1.1 Likelihood Optimization

Given a sample of data $x_1, ..., x_n$ observed from an unknown population, where each data point is drawn independently and is assumed to follow the same parametric distribution, or independent and identically distributed (i.i.d.). The distribution has the probability density function $f(x_1,...,x_n | \theta_i)$ with a set of parameters $\theta_i$, then the likelihood function is the probability of obtaining the observed data given a particular value of the distribution parameters, and it is denoted as:

$$ \textrm{L}(\theta | x_i) = \prod_{i=1}^{n} f(x_i | \theta) $$

Therefore, estimating parameter values that will make the observed data most probable is equivalent to maximizing the likelihood function with the optimal parameter values $\hat \theta$ such that: $$ \hat \theta = \text{argmax}_\theta \textrm{L}(\theta)$$

For mathematical conveniences, we often use the likelihood function with logarithmic transformation. Since logarithm is a monotonic function, maximizing the log-likelihood is equivalent to maximizing the likelihood. Also, when derivative-based method is used for the optimization, it involves assuming that the maximum occurs at where the first-order derivatives of the function with respect to each parameters are all zero ($\frac{\partial L}{\partial \theta} = 0$ for all $\theta_i$), and the hessian matrix is negative semi-definite indicating concavity. Since the log-likelihood function is in a form of summation, it makes computing the gradients more convenient because the derivatives of a summation is simply a summation of derivatives. Furthermore, software optimizer comply to the convention of minimizing the objective function rather than maximizing. Thus in this case, we will be minimizing the negative log-likelihood function, which is denoted by the lowercase $\textrm{l}$:

$$\textrm{l}(\theta) = -\sum_{i=1}^{n} \textrm{log}(f(x_i | \theta))$$

1.2 Optimization Methods in R

The optimization process can be executed using R's general-purpose optimizer, optim(), by inputting the objective function, starting values for function parameters, and selected optimization method. The objective function will be the negative log-likelihood function as discussed, and the initial values should be sensible to the assumed model; but how do we choose which optimization method to use?

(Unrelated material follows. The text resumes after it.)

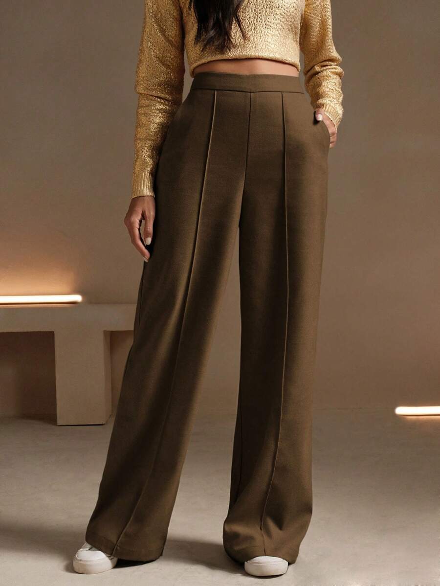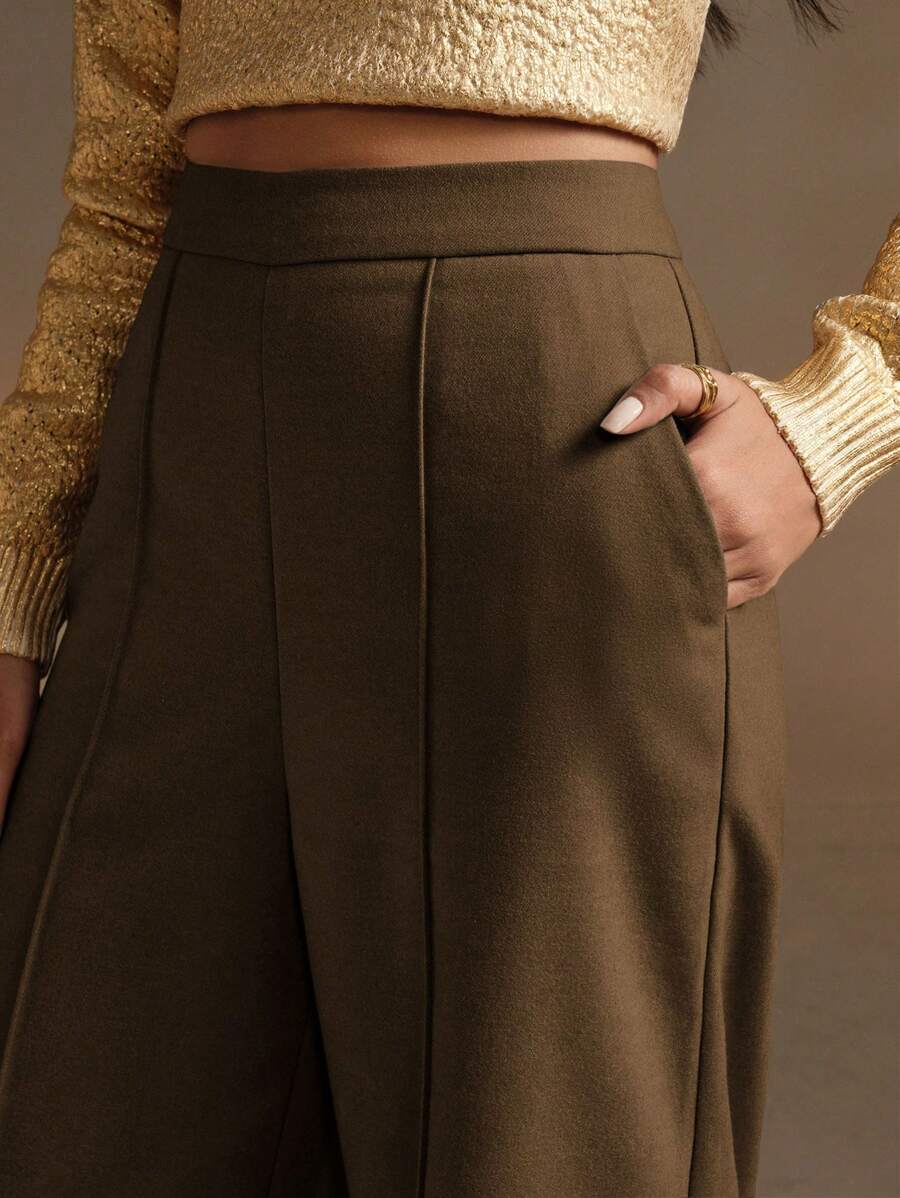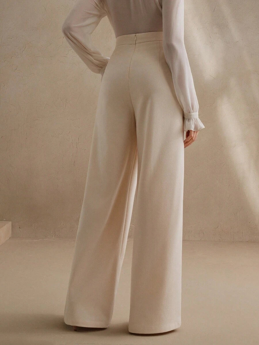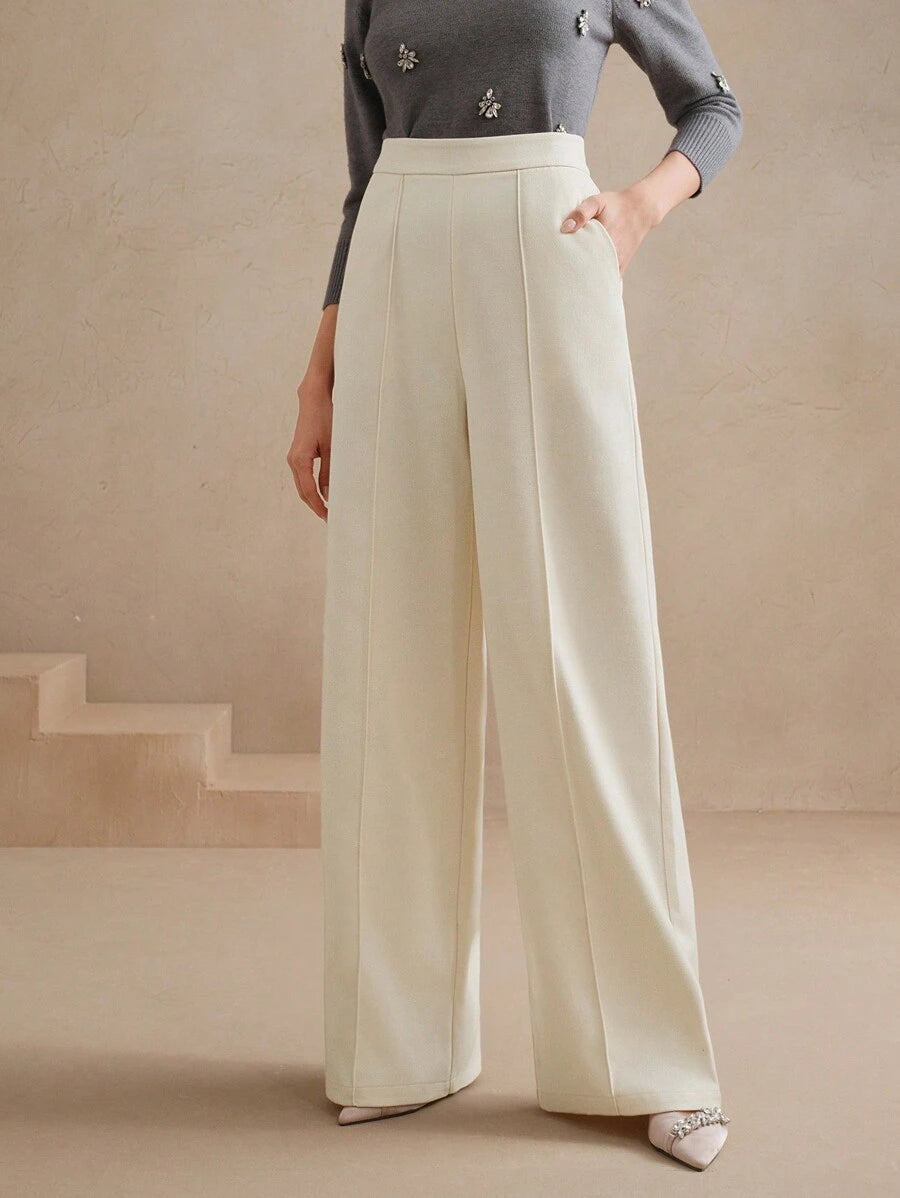 MIU Women's Solid Color Wool Blend Straight-Leg Relaxed Casual Pants

The default method provided by optim() is a derivative-free method called Nelder-Mead simplex (Nelder, 1965). After the initializing the start point, a "triangular" simplex is constructed and is being reshaped at every iteration in attempt to proceed toward the global minimum. Heuristic search approach like Nelder-Mead gains its popularity for the simplicity of not requiring any information about the objective function, but one of its major drawback is that the convergence of complex functions can be excessively slow and computationally expensive because the function is being evaluated at every step.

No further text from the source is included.